=== WHAT THE TASK REQUIRES ===
Could you retype, exactly and with no pictures, only the lines from the first line of the records below through the line that contains "Больше трех тысяч"?

⟨

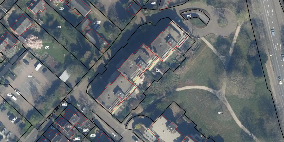 Het perceel waarop het adres ligt is ZEI00-L-563. De afkorting 'ZEI00' staat voor kadastrale gemeente Zeist. Het perceel is met 2669 m² relatief groot. Het gemiddelde ligt in de kadastrale gemeente Zeist op 2184 m². De grootste perceeloppervlakte in de kadastrale gemeente is 1,78 km². De kleinste oppervlakte bedraagt 0 m². Er zijn 24 adressen aanwezig op het perceel. In de Basisregistratie Kadaster (BRK) werden de grenzen van het perceel geregistreerd op 19-09-1997.
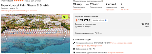 Novotel Palm Sharm El Sheikh 76.600 рублей за человека (153.300 рублей за двоих)
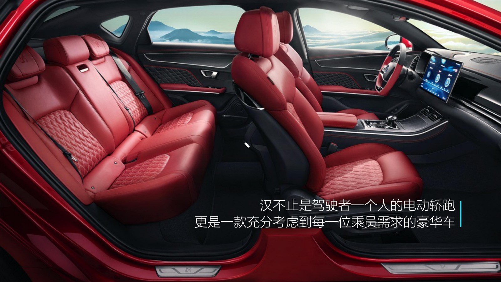 汉的内饰布局同样汲取了中式美学概念和古典设计。中国古代皇家建筑讲求左右对称,汉的中控台则以大尺寸悬浮式中控屏为中心,主副仪表盘等显示与功能区域沿中轴线向两侧延展,营造出主次分明的空间感;全液晶仪表盘、多功能方向盘、空调出风口和音响扬声器,在两侧以“品”字形对称排列,以高级空间层次感、和谐大方的氛围,营造出专属于汉的中式豪华风格。
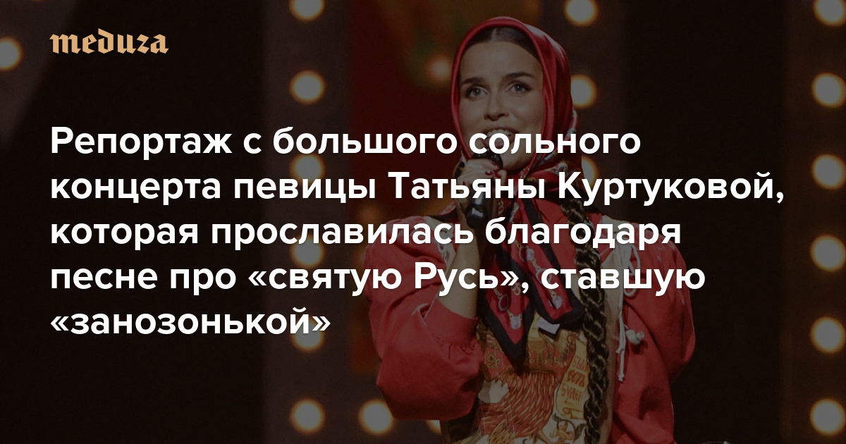 Больше трех тысяч человек пришли на первый крупный сольный концерт Татьяны Куртуковой — 32-летней российской певицы, которая стала знаменитой благодаря патриотическим песням в русской народной обработке. Это не первое выступление артистки, ранее она уже выходила на большую сцену, но никогда не готовила полноценную шоу-программу. Корреспондент кооператива независимых журналистов «Берег» 21 февраля побывал на московском концерте народной исполнительницы, которая никогда не высказывалась о российско-украинской войне, но недвусмысленно показала свою позицию в концертной программе. «Медуза» публикует этот репортаж целиком.
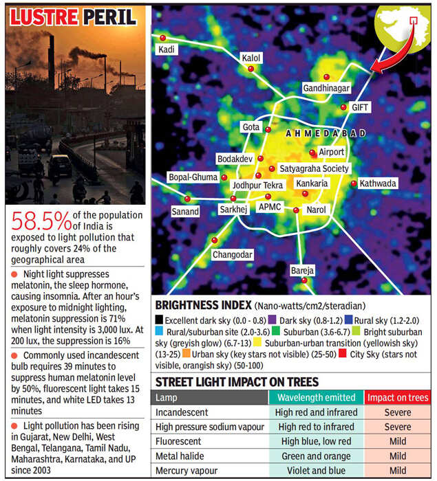 AHMEDABAD: Not many institutions have studied the impact of night-time light pollution on individuals, trees, birds, and insects in our cities. But a collaborative study of IIT-Kharagpur; School of Planning and Architecture, Bhopal; and ITM University, Gwalior, has cited research on night-time lights suppressing melatonin, the sleep hormone, and causing insomnia.
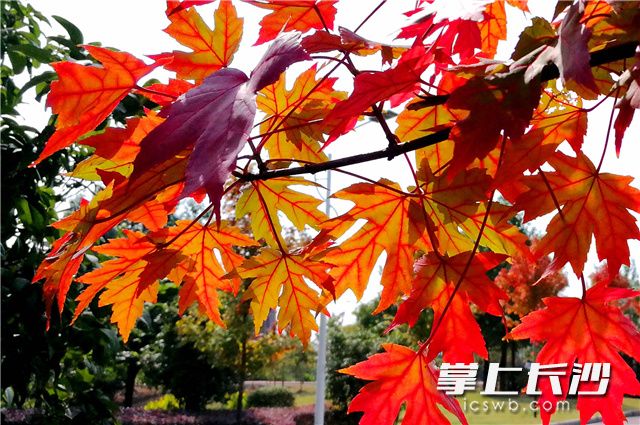 地处开福区捞刀河畔的长沙园林生态园,近年引种的北美红栎已经成林,该树树叶一片片形如加拿大国旗上的红叶图案,鲜红的树叶与满园的墨绿底色形成鲜明对比,令人赏心悦目。
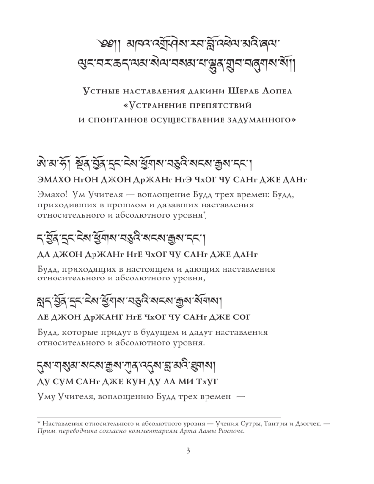 @#//\mkh' 'groshes rab blo 'phel m'i zhal lung bar chad lam sel basm p lhun grub bzhugs so// У стные наставления дакини Ш ераб Л опел «У странение препятствий и спонтанное осуществление задуманного » e m ho/\sngon byon drang nges phyogs bcu'i sangs rgyas dang / ЭМАХО НгОН ДЖОН ДрЖАНг НгЭ ЧхОГ ЧУ САНг ДЖЕ ДАНг Эмахо! Ум Учителя — воплощение Будд трех времен: Будд, приходивших в прошлом и дававших наставления относительного и абсолютного уровня*, d byon drang nges phyogs bcu'i sangs rgyas dang / ДА ДЖОН ДрЖАНг НгЕ ЧхОГ ЧУ САНг ДЖЕ ДАНг Будд, приходящих в настоящем и дающих наставления относительного и абсолютного уровня, slad byon drang nges phyogs bcu'i sangs rgyas sogs/ ЛЕ ДЖОН ДрЖАНГ НгЕ ЧхОГ ЧУ САНг ДЖЕ СОГ Будд, которые придут в будущем и дадут наставления относительного и абсолютного уровня. dus gsum sangs rgyas kun 'dus bla m'i thugs/ ДУ СУМ САНг ДЖЕ КУН ДУ ЛА МИ ТхУГ Уму Учителя, воплощению Будд трех времен — * Наставления относительного и абсолютного уровня — Учения Сутры, Тантры и Дзогчен. — Прим. переводчика согласно комментариям Арта Ламы Ринпоче. 3 skyabs gnas kun 'dus rtsa b'i bla m l/ ЧАП НЭ КУН ДУ ЦА ВИ ЛА МА ЛА Коренному Учителю, воплощению всех Прибежищ, phyag 'tshal sdig bshags mchod 'bul gsol b 'debs/ ЧхАК ЦхАЛ ДИК ЩАГ ЧхО БУЛ СОЛ ВА ДЕБ Простираюсь, раскаиваюсь в недобродетелях, совершаю подношение и обращаюсь с молитвой: bar chad kun zhi thar p'i lam sna 'dren/ БАР ЧхЕ КУН ЖИ ТхАР ПИ ЛАМ НА ДрЖЕН Устрани все препятствия, Ведущий по пути Освобождения! bsam p lhun gyis grub par byin gyis rlobs/ САМ ПА ХЛУН ДЖИ ДрЖУБ ПАР ДЖИН ДЖИ ЛОБ Благослови, чтобы все задуманное осуществлялось спонтанно! rgyal b kun gyi dgongs p mngon shar bk'/ ДЖЯЛ ВА КУН ДЖИ ГОН ПА НгОН ЩАР КА Речь Учителя — воплощение трех видов верного познания* Высшего Бона: устных наставлений, являющихся проявлением просветленных помыслов всех Победителей, m lus kun mkhyen 'phags p kun gyi lung / МА ЛЮ КУН ЧхЕН ПхАГ ПА КУН ДЖИ ЛУНг Писаний всех до единого всезнающих Святых, * Три вида верного познания Высшего Бона — это: 1) Устные наставления ПобедителейБудд; 2) Писания и наставления Святых: Свастикосаттв, Ригдзинов, Дакинь; 3) Собственное изучение, исследование, следование Учению и (возникающее вследствие этого) безошибочное понимание. — Прим. переводчика согласно комментариям Арта Ламы Ринпоче. 4 bk' lung kunshong dri med rang rig snod/ КА ЛУНг КУН ЩОНг ДрЖИ МЕ РАНг РИГ НО Сосуда неомраченного самоосознавания, вмещающего все наставления и писания. tshad gsum bon mchog kun 'dus bla m'i gsung / ЦЕ СУМ БОН ЧхОГ КУН ДУ ЛА МИ СУНг Речи Учителя, воплощению трех видов верного познания Высшего Бона — skyabs gnas kun 'dus rtsa b'i bla m l/ ЧАП НЭ КУН ДУ ЦА ВИ ЛА МА ЛА Коренному Учителю, воплощению всех Прибежищ, phyag 'tshal sdig bshags mchod 'bul gsol b 'debs/ ЧхАК ЦхАЛ ДИК ЩАГ ЧхО БУЛ СОЛ ВА ДЕБ Простираюсь, раскаиваюсь в недобродетелях, совершаю подношение и обращаюсь с молитвой: bar chad kun zhi thar p'i lam sna 'dren/ БАР ЧхЕ КУН ЖИ ТхАР ПИ ЛАМ НА ДрЖЕН Устрани все препятствия, Ведущий по пути Освобождения! bsam p lhun gyis grub par byin gyis rlobs/ САМ ПА ХЛУН ДЖИ ДрЖУБ ПАР ДЖИН ДЖИ ЛОБ Благослови, чтобы все задуманное осуществлялось спонтанно! bslab p tshul khrims ldan p'i dge 'dun dang / ЛАБ ПА ЦхУЛ ТшрИМ ДЭН ПИ ГЕ ДУН ДАНг Тело Учителя — воплощение общин трех дисциплин: Общины, практикующей и овладевшей нравственностью, 5 bslab p ting 'dzin ldan p'i dge 'dun dang / ЛАБ ПА ТИНг ДЗИН ДЭН ПИ ГЕ ДУН ДАНг Общины, практикующей и овладевшей сосредоточением, bslab pshes rab ldan p'i dge 'dun sogs/ ЛАБ ПА ЩЕ РАБ ДЭН ПИ ГЕ ДУН СОГ Общины, практикующей и овладевшей Мудростью. bslab gsum dge 'dun kun 'dus bla m'i sku/ ЛАБ СУМ ГЕ ДУН КУН ДУ ЛА МИ КУ Телу Учителя, воплощению общин трех дисциплин — skyabs gnas kun 'dus rtsa

⟩

=== THE COMPLETED TASK ===
 Het perceel waarop het adres ligt is ZEI00-L-563. De afkorting 'ZEI00' staat voor kadastrale gemeente Zeist. Het perceel is met 2669 m² relatief groot. Het gemiddelde ligt in de kadastrale gemeente Zeist op 2184 m². De grootste perceeloppervlakte in de kadastrale gemeente is 1,78 km². De kleinste oppervlakte bedraagt 0 m². Er zijn 24 adressen aanwezig op het perceel. In de Basisregistratie Kadaster (BRK) werden de grenzen van het perceel geregistreerd op 19-09-1997.
 Novotel Palm Sharm El Sheikh 76.600 рублей за человека (153.300 рублей за двоих)
 汉的内饰布局同样汲取了中式美学概念和古典设计。中国古代皇家建筑讲求左右对称,汉的中控台则以大尺寸悬浮式中控屏为中心,主副仪表盘等显示与功能区域沿中轴线向两侧延展,营造出主次分明的空间感;全液晶仪表盘、多功能方向盘、空调出风口和音响扬声器,在两侧以“品”字形对称排列,以高级空间层次感、和谐大方的氛围,营造出专属于汉的中式豪华风格。
 Больше трех тысяч человек пришли на первый крупный сольный концерт Татьяны Куртуковой — 32-летней российской певицы, которая стала знаменитой благодаря патриотическим песням в русской народной обработке. Это не первое выступление артистки, ранее она уже выходила на большую сцену, но никогда не готовила полноценную шоу-программу. Корреспондент кооператива независимых журналистов «Берег» 21 февраля побывал на московском концерте народной исполнительницы, которая никогда не высказывалась о российско-украинской войне, но недвусмысленно показала свою позицию в концертной программе. «Медуза» публикует этот репортаж целиком.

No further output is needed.